Overweening Generalist

Wednesday, April 25, 2012

Analogous Thought: My Meandering Mind

I've accumulated a ridiculous, embarrassing amount of notes, links and ideas for subjects to write about - at least 200 broad categories of subjects - that, were I being paid for blogging, I could easily churn out five or ten blog posts a day, each on some separate topic. I've often used the acronym "FFUI" (for "free-floating unattached intelligentsia," a phrase I copped from Karl Mannheim) here at the OG; I think maybe I'm more the flaneur I mentioned near the end of my last blogspew. Or Herbert Gold's term, "magpie intellectual"? Then again, to quote Marlene Dietrich's last line from Orson Welles's Touch of Evil, "What does it really matter what you say about people?"

Benefits of Bilingualism
So yea: I was going to write on some recent articles that suggest bilingualism has some intriguing and beneficial aspects we weren't sure of only a few years ago. Then I was going to shift to the personal and talk about my ability to quickly remember 75-100 phrases in some non-English foreign language - usually the ones you'd need if you found out you were going to Country X in a week. ("Thank you," "Excuse me, but where is the ____,?" the days of the week, "Please, I'd like the (menu item)," "How are you doing sir/madam?," "Another beer please," and "How much?" are just a few of the obvious ones.)
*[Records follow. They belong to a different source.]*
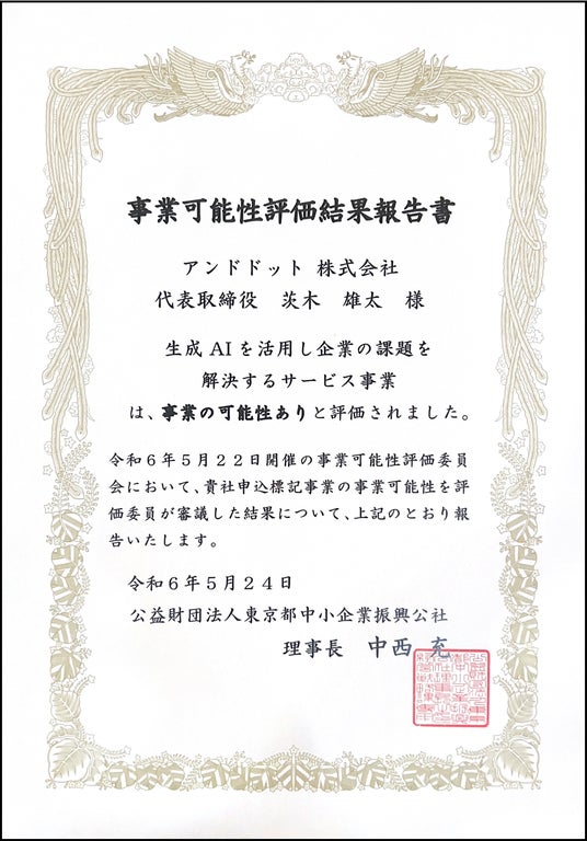 アンドドット株式会社(本社:東京都渋谷区、代表:茨木雄太)は、同社が展開する「生成AIを活用し共創事業」が、公益財団法人東京都中小企業振興公社より「評価事業」と位置付けられました。
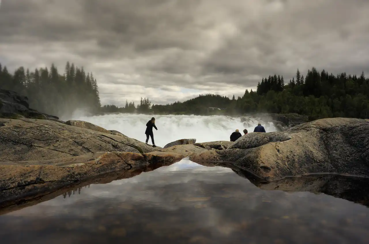 Meråker er kjent for sine sterke elver og fosser som trekker både lokale og turister til bredden. Her kan du oppleve vannets krefter på nært hold, omgitt av stille skog og fjell. Mange besøker fossene for å fiske i Stjørdalselva, gå korte turer langs bredden eller bare nyte synet av naturens kraft. Stedet gir et innblikk i hvordan vannet har formet både landskapet og livet i Meråker gjennom tidene.
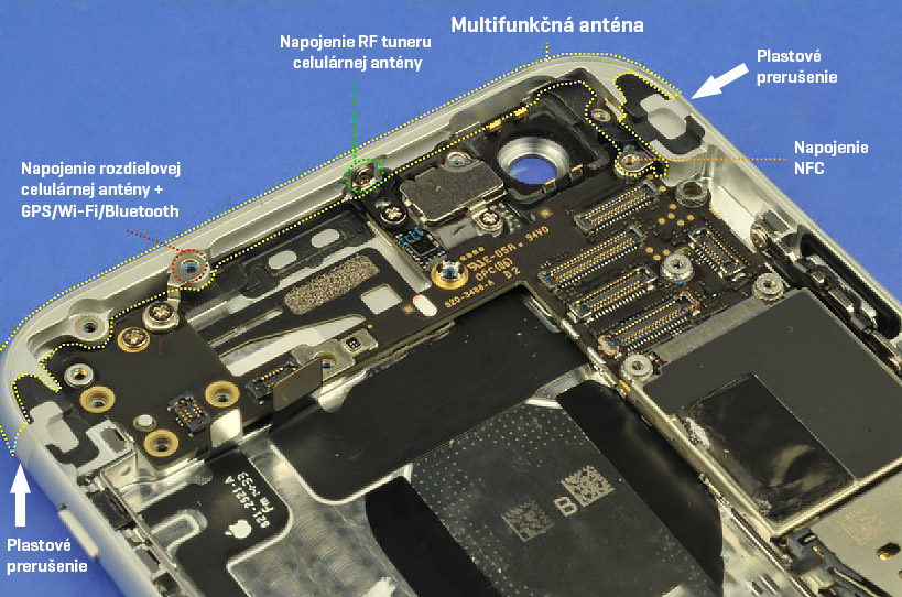 Na tomto obrázku môžete vidieť hornú konštrukciu antény smartfónu iPhone 6. Základom je samotné telo smartfónu, respektíve kovová obvodová konštrukcia, vyznačená žltou bodkovanou čiarou. Slúži ako súčasť antén rôzneho typu. Červeným krúžkom vľavo vidíte označenú časť, kam do nej vchádza kontakt vodiča 2,4 GHz antény určenej pre Wi-Fi, Bluetooth a takisto GPS. V zelenom bode je na ňu napojený čip rádiofrekvenčného tuneru a v oranžovom bode NFC.

However, like far too many Unistatians, I'm monolingual; I've yet to really immerse myself in one language and become truly conversant in it. I've at times memorized the sentence "I'm sorry, but I don't speak (the local language) very well," so well, and with an apparent accent, that native speakers have often thought I was being modest and went on, in something utterly incomprehensible to me. I've not studied the grammar of another language in depth, and the vast number of nouns needed to get by looks menacing to me.

                                 The Proto-Indo-European language family

I took a stab at Intelligence Increase a while back but barely made a dent; it turns out learning new languages has broad implications for getting smarter. The New York Times's Yudhuit Bhattacharjee recently cited studies that, rather than one language inhibiting the other in one's mental processes, it's more complex than that, that both systems are in use even when one is being used, which forces the brain to solve internal conflicts, strengthening cognitive muscles. Bilingualism enhances executive (frontal lobe) functions: planning, staying focused, and solving real-world problems. Having more than one language is linked to a heightened ability to monitor the local environment, and it also seems to make one resistant to the onset of dementia. I would consider all of these benefits to fall under the rubric, "intelligence increase."

                                        Daniel Kahneman, born 1934, still thriving, won 
                                        Nobel Prize for Economics in 2002 for work in 
                                        Prospect Theory, which annihilated the presumptions
                                        of far-too-rationalistic Econs. Kahneman came from
                                        the field of Psychology. The Econs needed this...
                                        But will they learn from it?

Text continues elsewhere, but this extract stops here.